Wednesday, April 29, 2009

Grand Ole Opry

Wie gesagt, wir beiden Eltern waren letztes Wochenende in Nashville - wärend Oma und Opa zuhause die Kiddies gebändigt haben.
Das haben wir dann so richtig ausgenutzt - Shopping, Mittelalterausstellung und die Grand Ole Opry.
Selbst wenn man mit Country Music nicht unbedingt etwas anfangen kann, gehört das einfach dazu wenn man in Nashville ist.
Die Opry ist eine amerikanische Ikone wie Coca Cola, McDonalds, Football und 6-Liter Autos (nicht der Spritverbrauch, sondern der Hubraum ist damit gemeint ...).
Angefangen hat alles 1925 als Radioprogramm einer Versicherung, die es als Werbevehikel benutzte. Danach entwickelte sich die wöchentliche (Live-)Show schnell zu einem der populärsten Events der Vor-TV Zeit.
Ab 1978 wurde die Show dann live im TV übertragen, bleibt aber auch weiterhin als Radioprogramm empfangbar.
Leider habe ich die genaue Zahl vergessen, aber die Sendung bei der wir zugegen waren, war wohl irgendetwas in den 3600ern.
Ist also eine recht betagte Institution - und so wahnsinnig viel hat sich da seit dem Anfang vor über achtzig jahren auch nicht geändert ...

Nun ja, in eine neues Gebäude sind sie 1974 gezogen. Es häßlich zu nennen würde zwar stimmen, aber am Kern der Sache doch vorbeigehen.
Es hat den Charme eines Gefängnisses und die Zweckmäßigkeit eines Bürogebäudes. Und auch innen ist es eher rustikal-einfach und zweckmäßig. Kein Hauch von Grandezza, keine Spur von Patina oder gar opernhafter Erhabenheit, wie es der Name vielleicht vermuten ließe. Einfach nur ein grauer emotionsloser Betonklotz.

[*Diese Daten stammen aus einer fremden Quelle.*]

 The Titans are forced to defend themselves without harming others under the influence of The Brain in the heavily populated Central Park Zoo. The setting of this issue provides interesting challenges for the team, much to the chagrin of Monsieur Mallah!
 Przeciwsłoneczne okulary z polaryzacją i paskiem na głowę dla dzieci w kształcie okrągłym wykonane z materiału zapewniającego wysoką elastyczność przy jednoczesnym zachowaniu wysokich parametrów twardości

Aber immerhoin mit einem - wenn auch bizzaren - Charme. Selbst wenn man einen Waffenschein hat, ist es nicht erlaubt seine Waffen mitzubringen. Was jedem echten, rotblütigen Redneck die Zornesröte ins Gesicht treiben dürfte ...

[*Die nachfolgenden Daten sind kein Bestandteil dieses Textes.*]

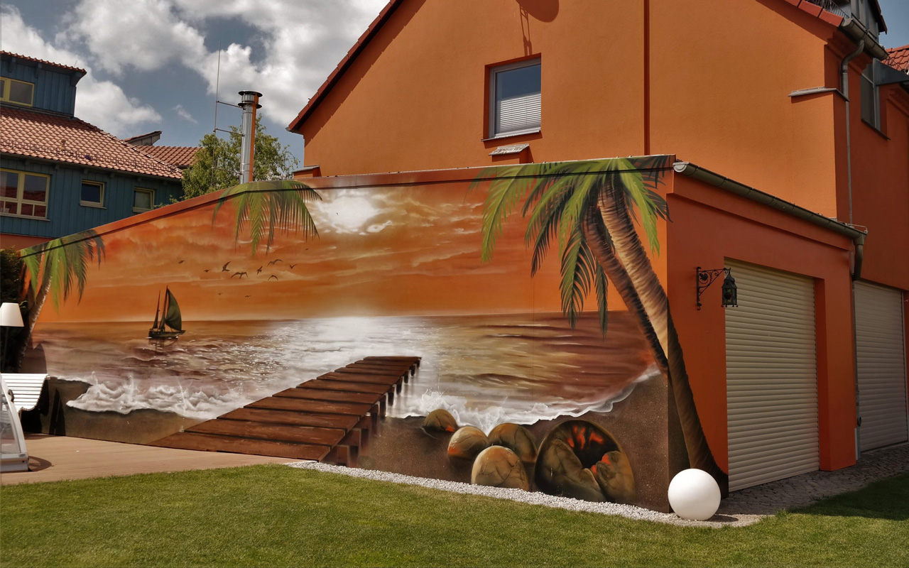 Durch hochwertige Farben und Materialien können wir alle Oberflächen mit hoher Präzision und Farbtreue gestalten. Unsere Arbeiten sind langlebig und nachhaltig und werden auf Wunsch durch UV-Lack witterungsbeständig versiegelt. Dabei liefern wir vom Entwurf bis zur Fertigstellung alles aus einer Hand und koordinieren gern sämtliche Gewerke.
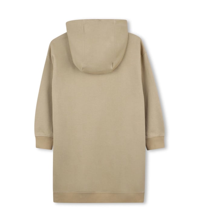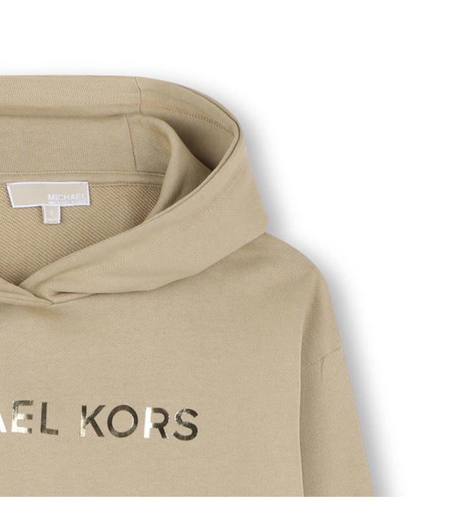 Elevate your casual wardrobe with the Michael Kors Stone Beige Hooded Dress. Made from 100% cotton French terry, this hoodie dress offers both comfort and style. The branded illustration of MICHAEL KORS in gold metallic effect on the front adds a touch of luxury to this everyday essential. Perfect for running errands or meeting friends for brunch, this dress is versatile and effortlessly chic. Stay cozy and fashionable in this must-have piece from Michael Kors.
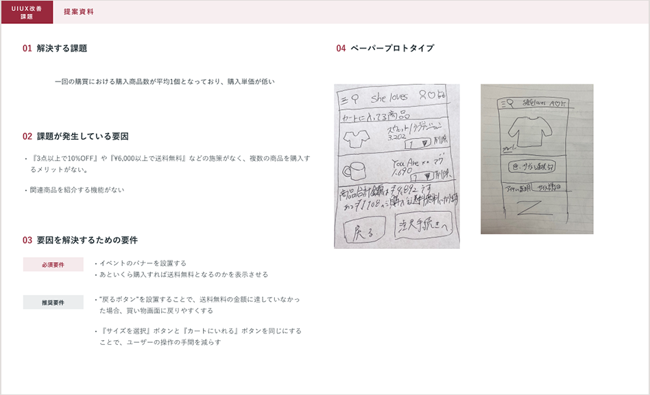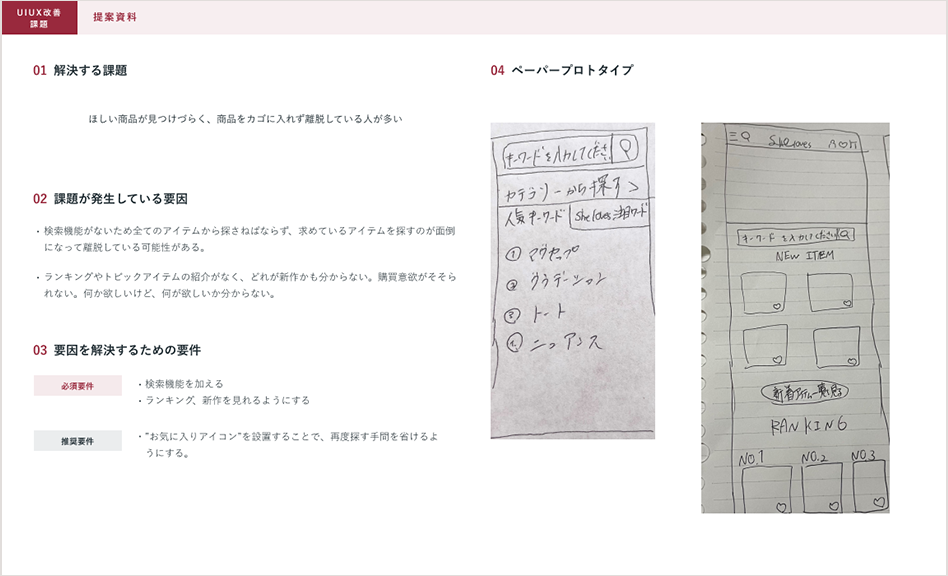 最初の要件で提示された課題に対して、その課題が発生する要因から仮説立て、それぞれに対する解決策を提示した資料を作成。
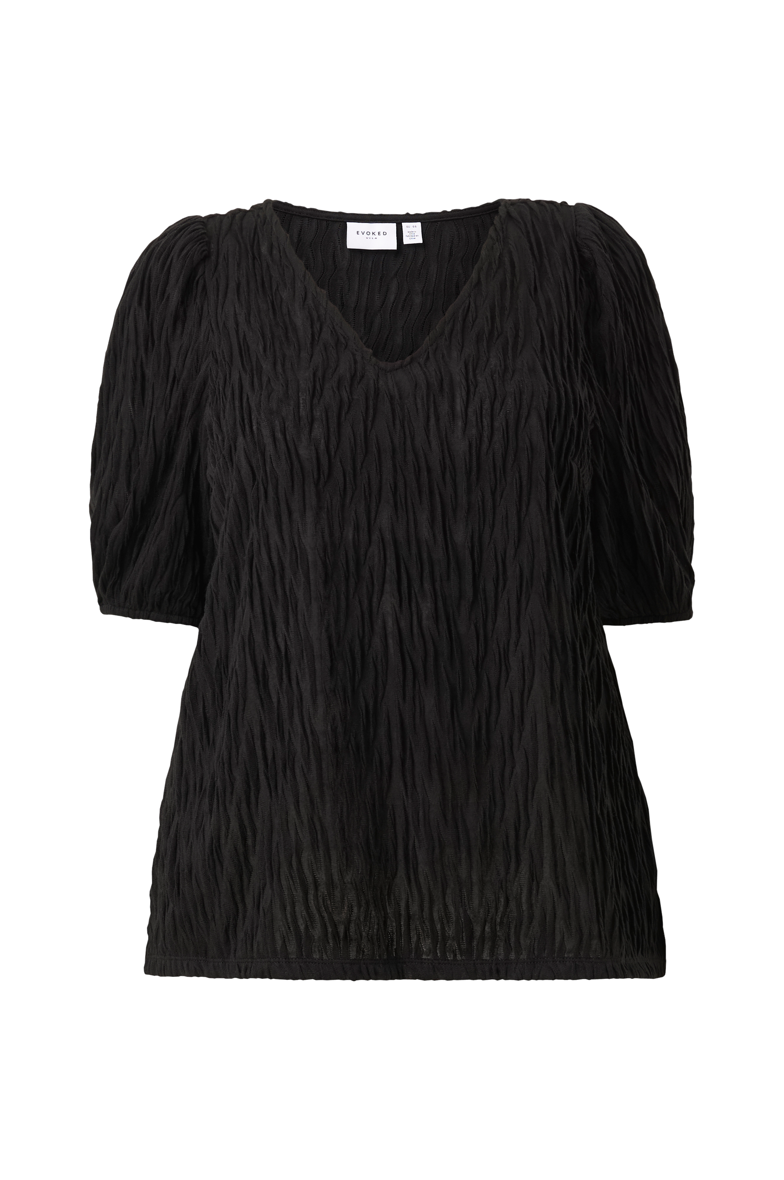 • V-ringning• Halvlånga puffärmar• Strukturmönstrat material• Plusstorlekar
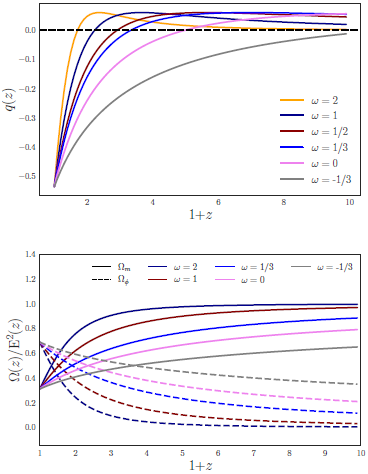 Figure 1 showcases the deceleration parameter q(z) and the density fractions Ω/E 2(z) of both matter and scalar field ϕ as a function of redshift. Following results from the latest surveys, the x-axis is displayed up to z ≈ 9 since very few galaxies had been formed before that redshift. An additional assumption has been made here: that the cosmic fluid always has an equation of state that follows the condition ω > −1/3 to satisfy the weak energy condition. We study cases such as the pure-radiation fluid in navy blue (ω = 1/3), matter-only in pink (ω = 0), or the adiabatic limit (ω = − 1/3) for which the weak energy condition holds.

Das Konzept der Opry ist ganz einfach: die Mischung macht's.
Alte Stars aus den 1950er/1960er Jahren wechseln sich ab mit Newcomern, aktuellen Stars und aktuellen Superstars. Eine Woche später hätten wir Trace Adkins sehen können (der hier ein Mega-Superstar ist ... in Europa dürfte er ziemlich unbekannt sein), so mußten wir mit dem Schwiegersohn von Johnny Cash vorlieb nehmen. Aber dazu später mehr.

Dann ist es wichtig, dass möglichst alle Stilrichtungen des Country vertreten sind: Bluegrass, Western, Old Time, Honky Tonk, Country Soul, Country Rock, Nashville Sound, etc.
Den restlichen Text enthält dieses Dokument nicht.